**Dataset records**
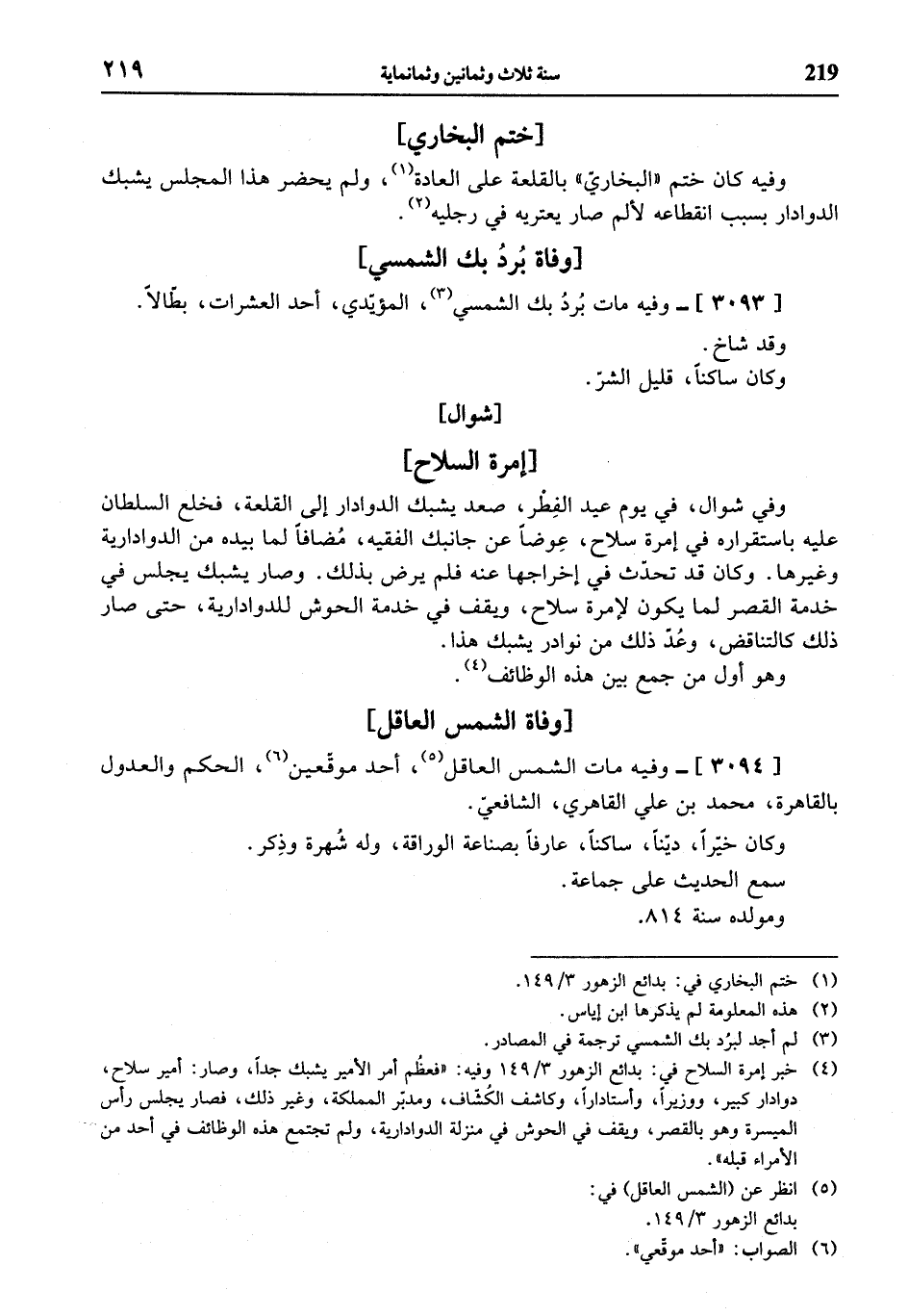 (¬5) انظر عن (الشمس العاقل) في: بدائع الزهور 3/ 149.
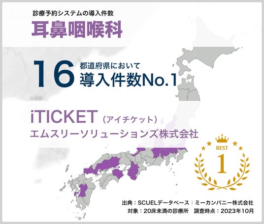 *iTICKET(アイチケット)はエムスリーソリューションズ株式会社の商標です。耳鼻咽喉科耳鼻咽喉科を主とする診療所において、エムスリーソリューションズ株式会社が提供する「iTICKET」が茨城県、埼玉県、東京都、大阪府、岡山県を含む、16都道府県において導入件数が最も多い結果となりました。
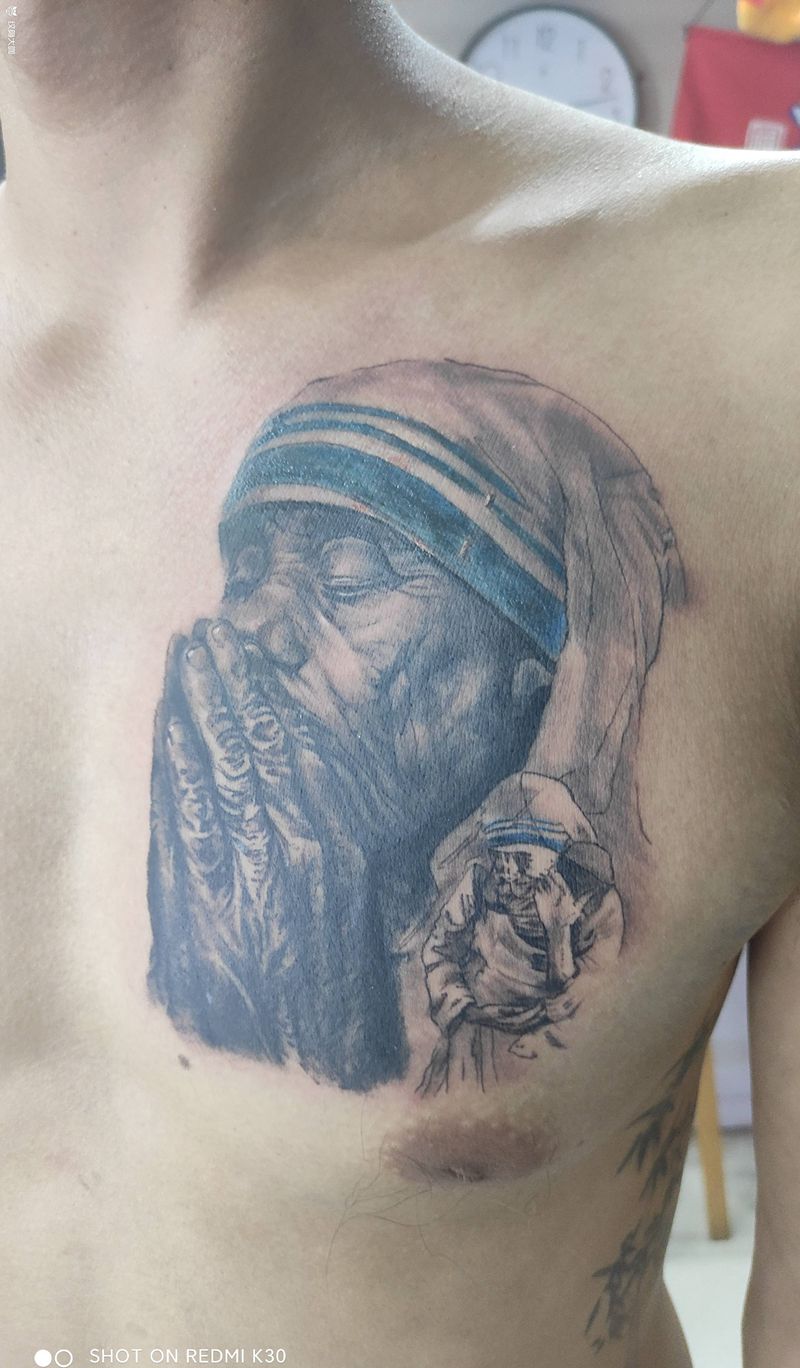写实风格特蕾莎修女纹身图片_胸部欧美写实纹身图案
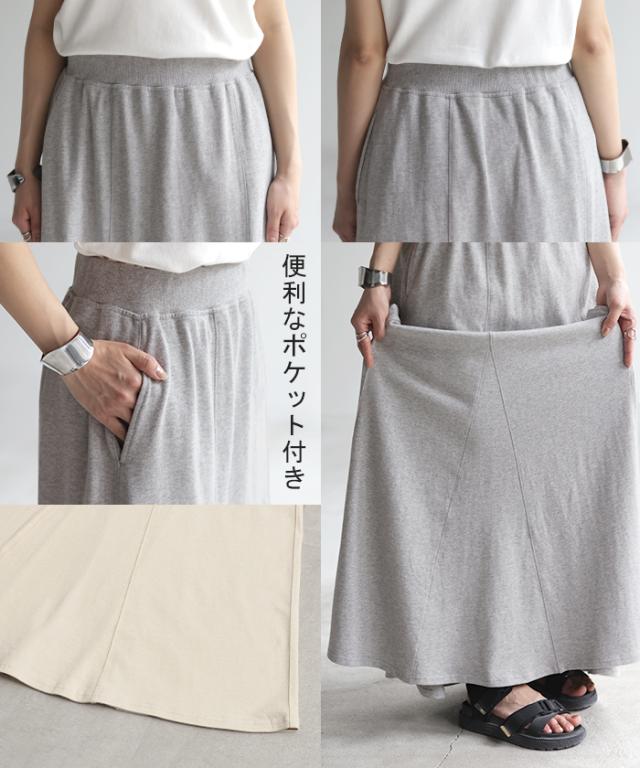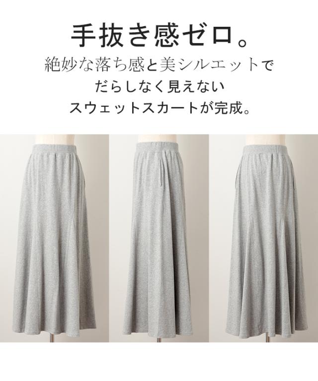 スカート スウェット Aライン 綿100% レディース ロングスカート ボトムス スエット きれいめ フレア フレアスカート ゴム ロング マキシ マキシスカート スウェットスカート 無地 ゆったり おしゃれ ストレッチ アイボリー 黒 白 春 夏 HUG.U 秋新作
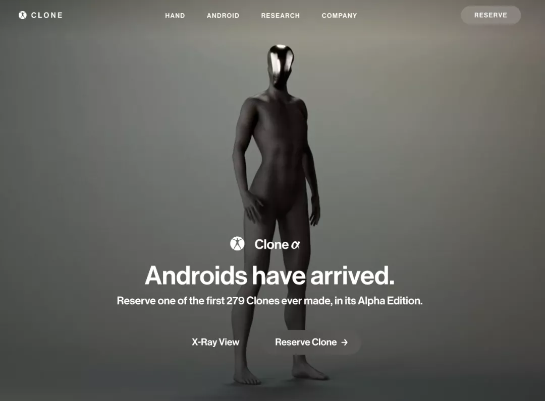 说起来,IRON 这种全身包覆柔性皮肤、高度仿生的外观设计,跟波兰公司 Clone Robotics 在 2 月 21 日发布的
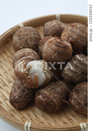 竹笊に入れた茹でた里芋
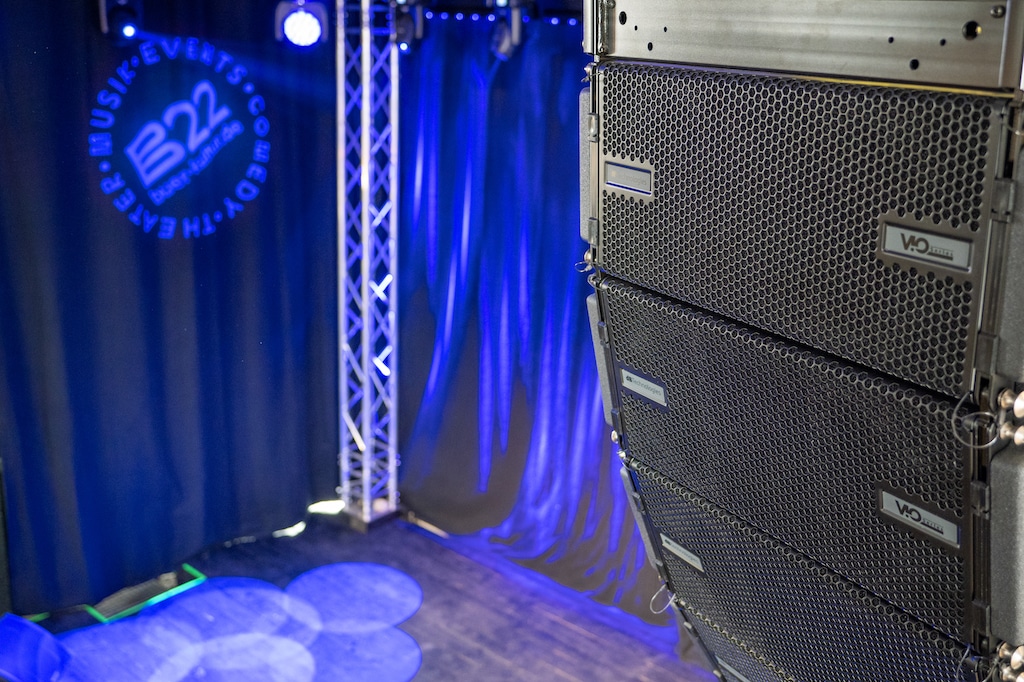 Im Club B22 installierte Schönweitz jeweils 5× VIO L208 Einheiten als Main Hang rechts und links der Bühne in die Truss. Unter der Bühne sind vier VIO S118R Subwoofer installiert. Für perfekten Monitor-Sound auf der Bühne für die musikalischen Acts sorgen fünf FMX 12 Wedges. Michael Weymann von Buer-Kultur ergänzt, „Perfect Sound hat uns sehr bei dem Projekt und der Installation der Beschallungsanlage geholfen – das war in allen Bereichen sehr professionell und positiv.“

**Exercise**
Beginning at the first line of the listing, print each line exactly until and including the one that has "竹笊に入れた茹でた里芋"; skip pictures.

**Reply**
 (¬5) انظر عن (الشمس العاقل) في: بدائع الزهور 3/ 149.
 *iTICKET(アイチケット)はエムスリーソリューションズ株式会社の商標です。耳鼻咽喉科耳鼻咽喉科を主とする診療所において、エムスリーソリューションズ株式会社が提供する「iTICKET」が茨城県、埼玉県、東京都、大阪府、岡山県を含む、16都道府県において導入件数が最も多い結果となりました。
写实风格特蕾莎修女纹身图片_胸部欧美写实纹身图案
 スカート スウェット Aライン 綿100% レディース ロングスカート ボトムス スエット きれいめ フレア フレアスカート ゴム ロング マキシ マキシスカート スウェットスカート 無地 ゆったり おしゃれ ストレッチ アイボリー 黒 白 春 夏 HUG.U 秋新作
 说起来,IRON 这种全身包覆柔性皮肤、高度仿生的外观设计,跟波兰公司 Clone Robotics 在 2 月 21 日发布的
 竹笊に入れた茹でた里芋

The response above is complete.